Пожалуй, все были согласны, что важнейшим критерием для признания какой-то группы особей видом является наличие явственного гиатуса (морфологического, кариологического или репродуктивного) между этой общностью и иными объектами [13, 10, 11, 20, 31, 32]. Проблема состояла в том, что не было и не могло быть согласия каким признакам надо придавать больший вес, а какими пренебрегать при определении границ вида. Существенные аргументы были у генетиков. Еще у Пеннета [33: с. 153] было сказано: “Не внешние признаки образуют существенное отличие одного вида от другого. $\left\langle {...} \right\rangle $ Видимыми признаками систематик пользуется для классификации различных форм животной и растительной жизни; иного выбора у него нет.
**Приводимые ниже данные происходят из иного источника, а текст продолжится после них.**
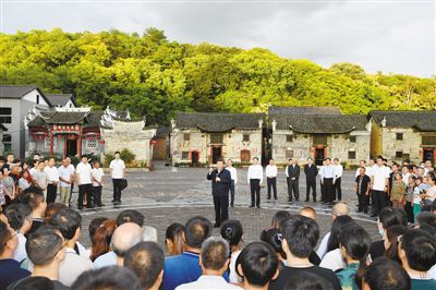 离开朱小红家,习近平步行察看村容村貌。雨后的沙洲村青山滴翠,彩霞满天。闻讯赶来的村民和游客们高声欢呼“总书记好!”习近平频频向大家挥手致意,对乡亲们说,“半条被子”的故事让人民群众认识了共产党,把党当成自己人。正因为有人民群众支持和拥护,我们党才能走过辉煌历程,取得伟大成就。沙洲村是“半条被子”故事的发生地,今天我专门来这里看望乡亲们。作为一名中国共产党员,我要不断接受教育、接受洗礼。我们党坚持为人民服务,不仅仅是一句口号,而是坚持不懈的实际行动。我们即将全面建成小康社会,接下来要为全面建成社会主义现代化强国而奋斗,让老百姓生活更加富裕、更加幸福。
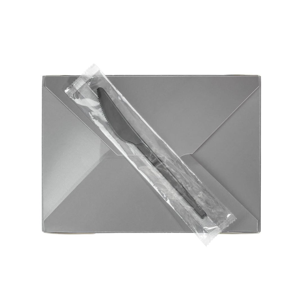 Knives, Plastic, Black, 6.5 Inch, Individually Wrapped, Compostable PLA,1 - 50 COUNT is backordered and will ship as soon as it is back in stock.

Но не следует забывать, что эти признаки часто вводят в заблуждение. Пока их не спаривали, Euralia wahlbergi и E. mima считались вполне прочными видами и вряд ли можно сомневаться, что многие признанные виды не выдержат испытания, как только мы получим возможность подвергнуть их опытам скрещивания11. Менделизм помог нам выяснить, что видовые признаки могут быть лишь случайными для вида, истинный же критерий для установления вида – бесплодие”.

Вид – это группа особей репродуктивно изолированных от других таких же групп – такой взгляд стал господствующим в генетике и, пожалуй, в зоологии после формулирования синтетической теории эволюции (СТЭ) [28, 34]. Согласно СТЭ, дивергенция популяций начинается только тогда, когда они становятся репродуктивно изолированы. Поскольку у растений способность давать плодовитое потомство сохраняется десятки миллионов лет со времени начала дивергенции двух филогенетических линий [35, 36], принятие ботаниками критерия скрещиваемости как естественной границы “биологического” вида приводило к тому, что в одном “биологическом” виде объединялось большое число морфологически в той или иной степени разнообразных природных рас, иногда географически разобщенных, в других случаях симпатрических или клинально изменчивых по широкому ареалу. В качестве примера можно привести предложенную Ладизинским систему рода Avena на основе критерия скрещиваемости. В базе данных “The Plant List: a working list of all plant species” на 2012 г. признано действительно существующими (accepted) 35 видов и подвидов Avena [39]. Ладизинский показал, что многие из них свободно скрещиваются и дают жизнеспособное потомство; морфологические различия между “морфологическими” видами незначительны или являются признаками, которые менделируют при скрещивании и определяются одним–двумя генами. В результате все разнообразие “морфологических” видов Avena, по мнению Ладизинского [40: p. 13], следует свести к 12 “биологическим” видам.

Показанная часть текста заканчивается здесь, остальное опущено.